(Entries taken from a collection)
****************************************
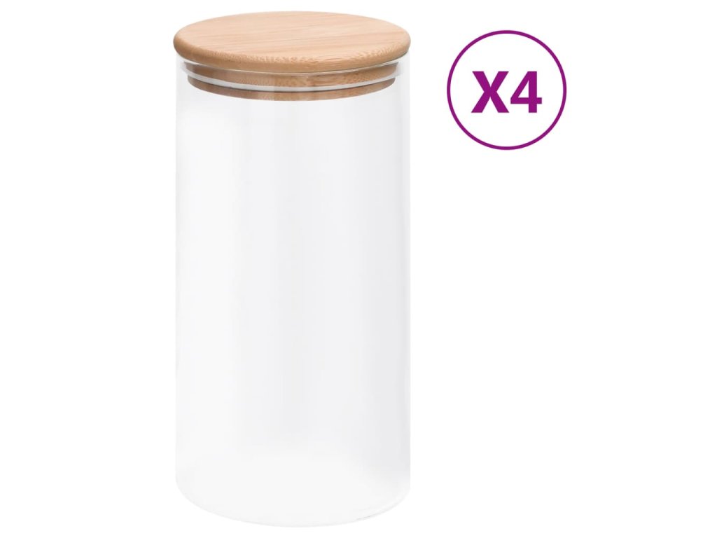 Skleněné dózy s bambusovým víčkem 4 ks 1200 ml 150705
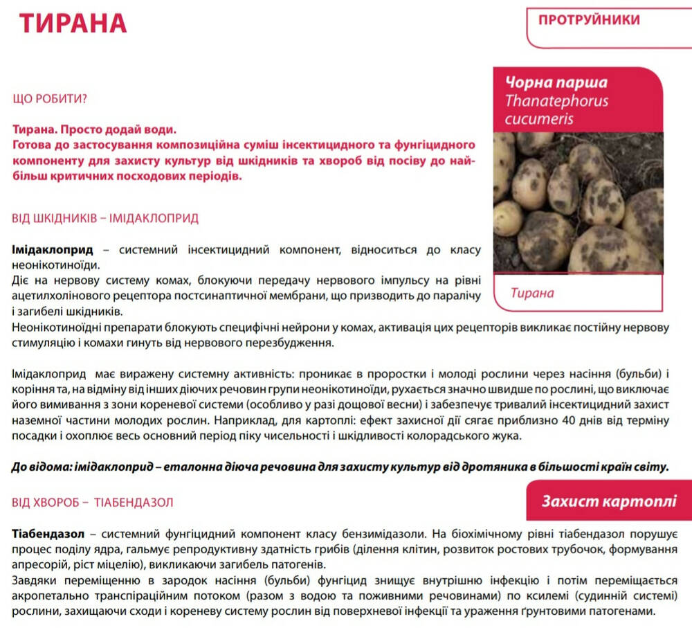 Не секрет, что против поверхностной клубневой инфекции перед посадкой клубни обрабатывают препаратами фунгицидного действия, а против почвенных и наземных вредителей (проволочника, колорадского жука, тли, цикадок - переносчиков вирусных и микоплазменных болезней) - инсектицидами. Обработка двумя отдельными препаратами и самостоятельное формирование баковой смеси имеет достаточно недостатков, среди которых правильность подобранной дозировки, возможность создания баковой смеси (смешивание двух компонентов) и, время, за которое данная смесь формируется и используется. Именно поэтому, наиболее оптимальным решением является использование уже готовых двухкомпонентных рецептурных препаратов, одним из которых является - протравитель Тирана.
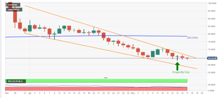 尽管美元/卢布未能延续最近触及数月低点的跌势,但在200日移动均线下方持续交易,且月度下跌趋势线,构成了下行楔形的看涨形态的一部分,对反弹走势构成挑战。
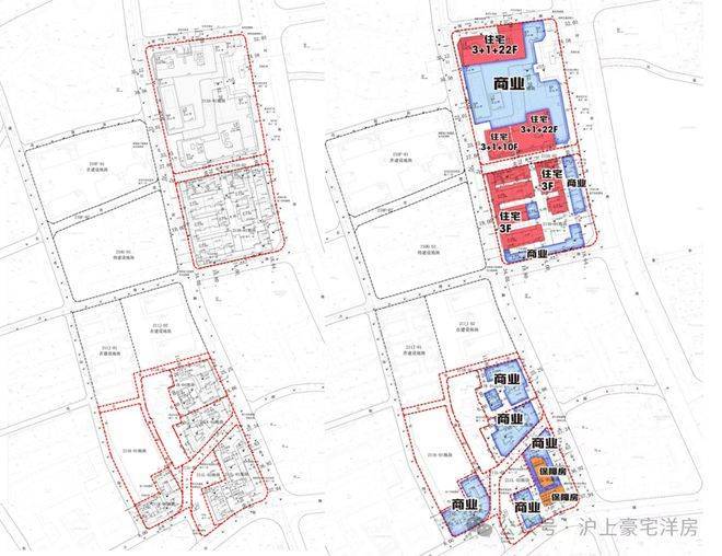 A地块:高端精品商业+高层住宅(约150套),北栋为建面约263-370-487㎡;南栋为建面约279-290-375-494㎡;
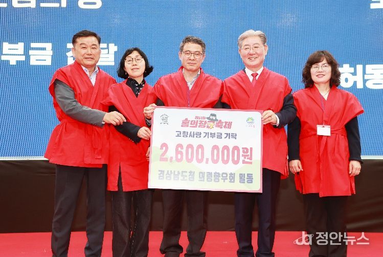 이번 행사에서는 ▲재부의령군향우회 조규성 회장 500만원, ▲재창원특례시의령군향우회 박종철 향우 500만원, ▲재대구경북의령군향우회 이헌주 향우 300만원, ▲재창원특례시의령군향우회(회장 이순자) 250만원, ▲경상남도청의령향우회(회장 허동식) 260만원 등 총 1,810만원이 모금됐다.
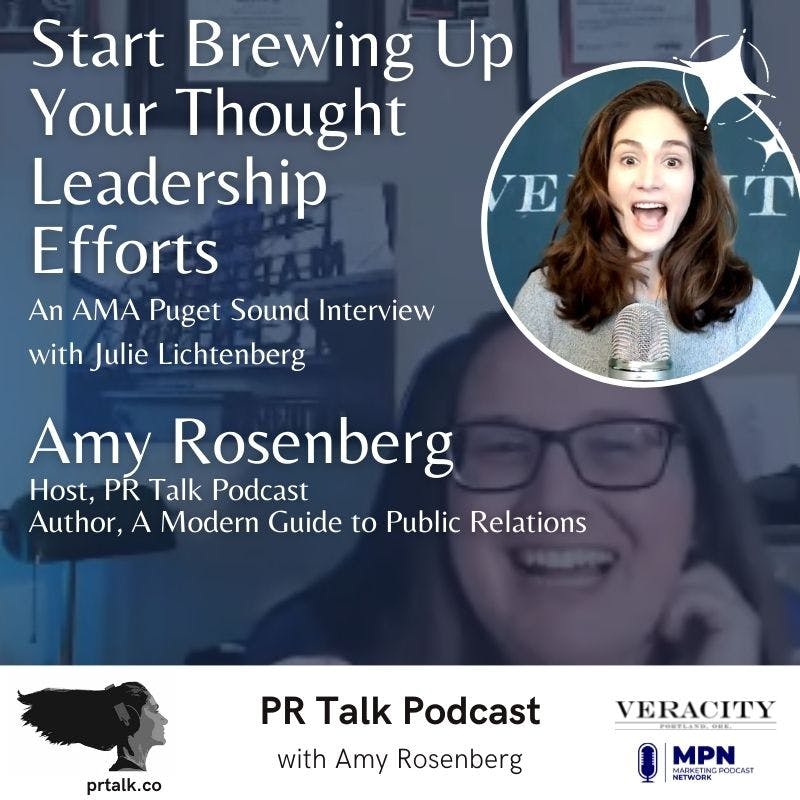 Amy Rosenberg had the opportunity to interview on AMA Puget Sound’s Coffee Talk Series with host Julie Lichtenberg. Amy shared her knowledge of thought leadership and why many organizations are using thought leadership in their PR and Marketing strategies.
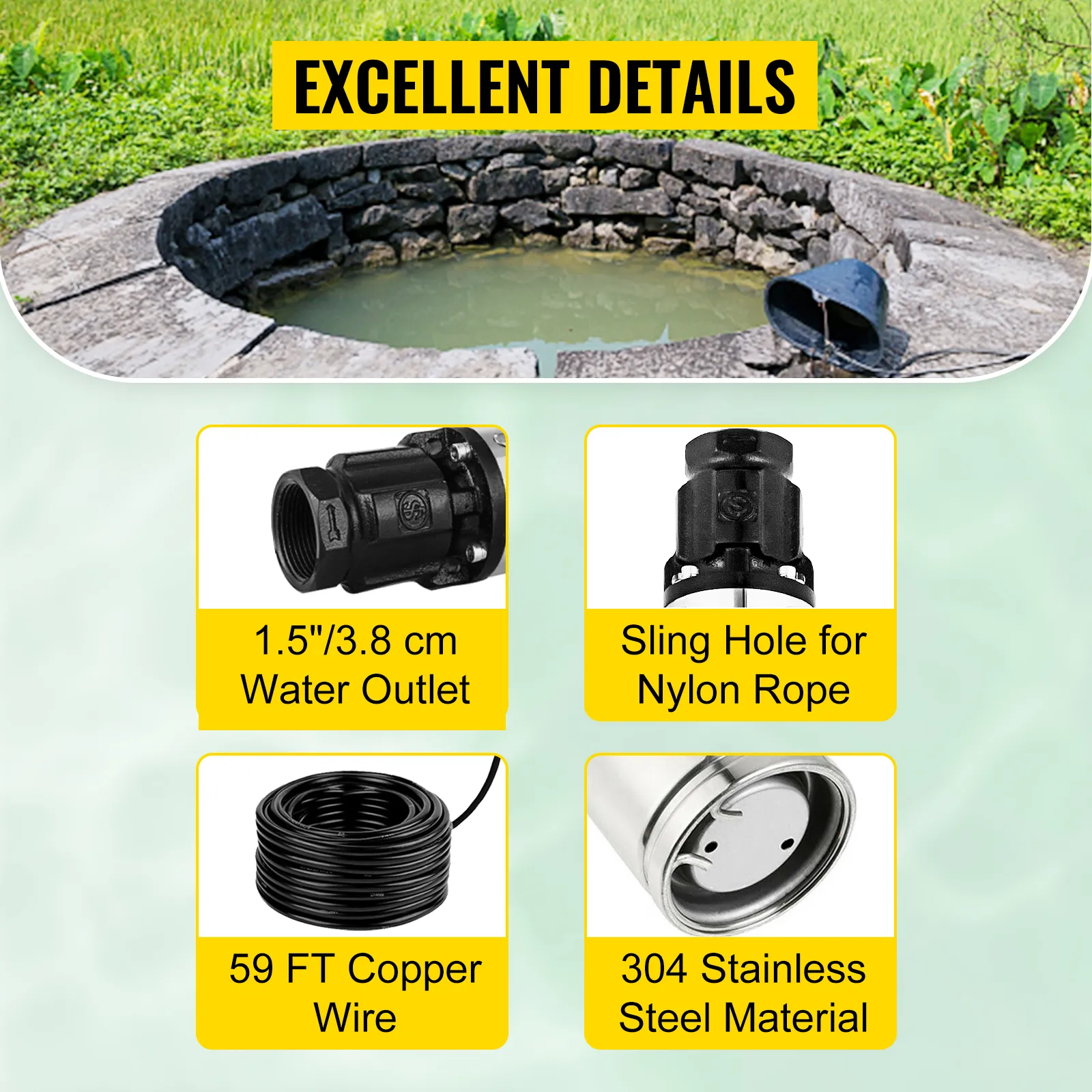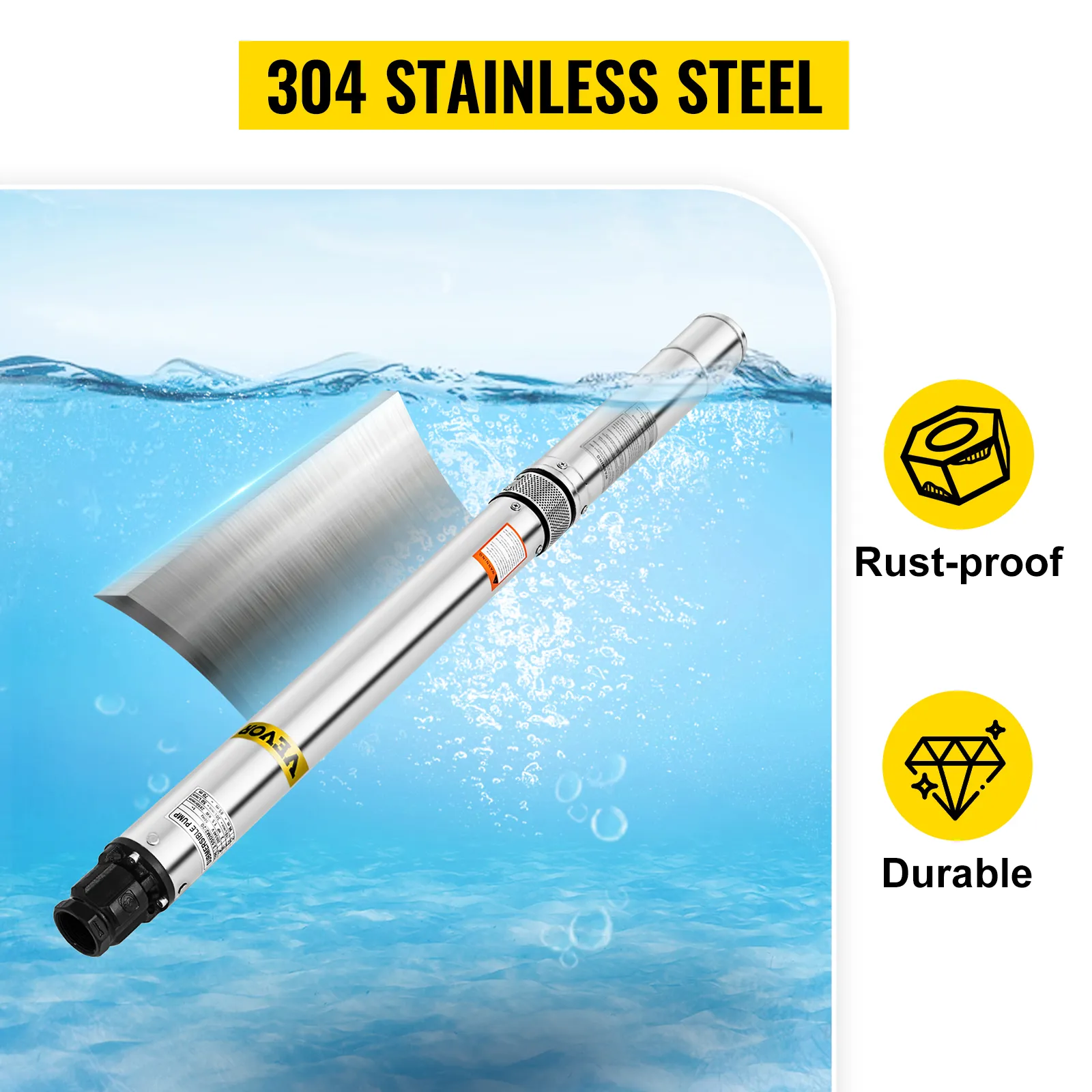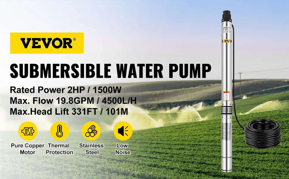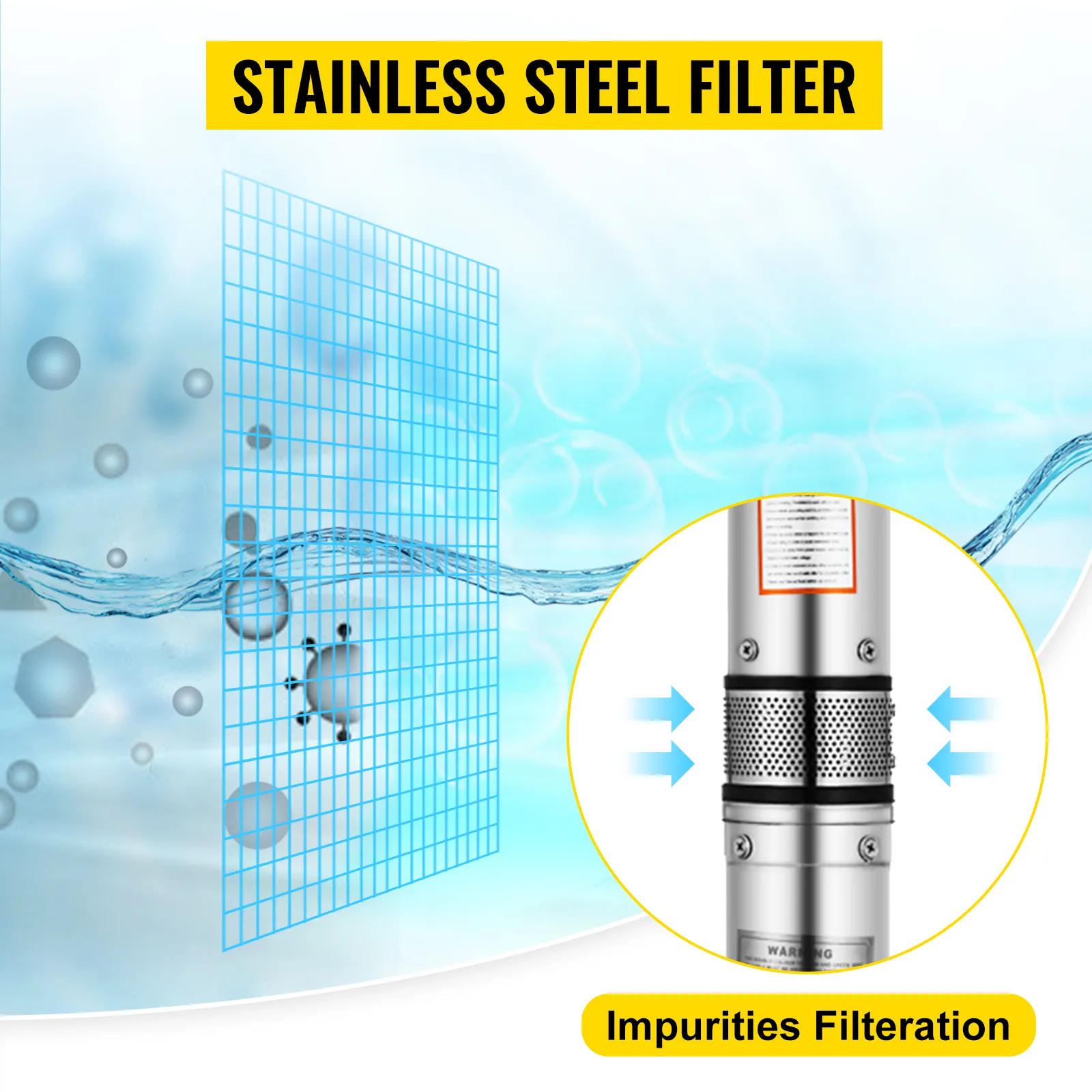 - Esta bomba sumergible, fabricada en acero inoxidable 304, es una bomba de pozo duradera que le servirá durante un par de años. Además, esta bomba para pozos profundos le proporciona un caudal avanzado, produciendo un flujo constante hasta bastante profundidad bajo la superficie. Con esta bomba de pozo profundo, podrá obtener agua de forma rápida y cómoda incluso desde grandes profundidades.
****************************************
#### WHAT THE TASK REQUIRES
The answer consists solely of the lines from the one holding "尽管美元/卢布未能延续最近触" through the final line of the records, both ends included, each duplicated exactly. Leave images out.

#### WRITTEN RESPONSE
 尽管美元/卢布未能延续最近触及数月低点的跌势,但在200日移动均线下方持续交易,且月度下跌趋势线,构成了下行楔形的看涨形态的一部分,对反弹走势构成挑战。
 A地块:高端精品商业+高层住宅(约150套),北栋为建面约263-370-487㎡;南栋为建面约279-290-375-494㎡;
 이번 행사에서는 ▲재부의령군향우회 조규성 회장 500만원, ▲재창원특례시의령군향우회 박종철 향우 500만원, ▲재대구경북의령군향우회 이헌주 향우 300만원, ▲재창원특례시의령군향우회(회장 이순자) 250만원, ▲경상남도청의령향우회(회장 허동식) 260만원 등 총 1,810만원이 모금됐다.
 Amy Rosenberg had the opportunity to interview on AMA Puget Sound’s Coffee Talk Series with host Julie Lichtenberg. Amy shared her knowledge of thought leadership and why many organizations are using thought leadership in their PR and Marketing strategies.
 - Esta bomba sumergible, fabricada en acero inoxidable 304, es una bomba de pozo duradera que le servirá durante un par de años. Además, esta bomba para pozos profundos le proporciona un caudal avanzado, produciendo un flujo constante hasta bastante profundidad bajo la superficie. Con esta bomba de pozo profundo, podrá obtener agua de forma rápida y cómoda incluso desde grandes profundidades.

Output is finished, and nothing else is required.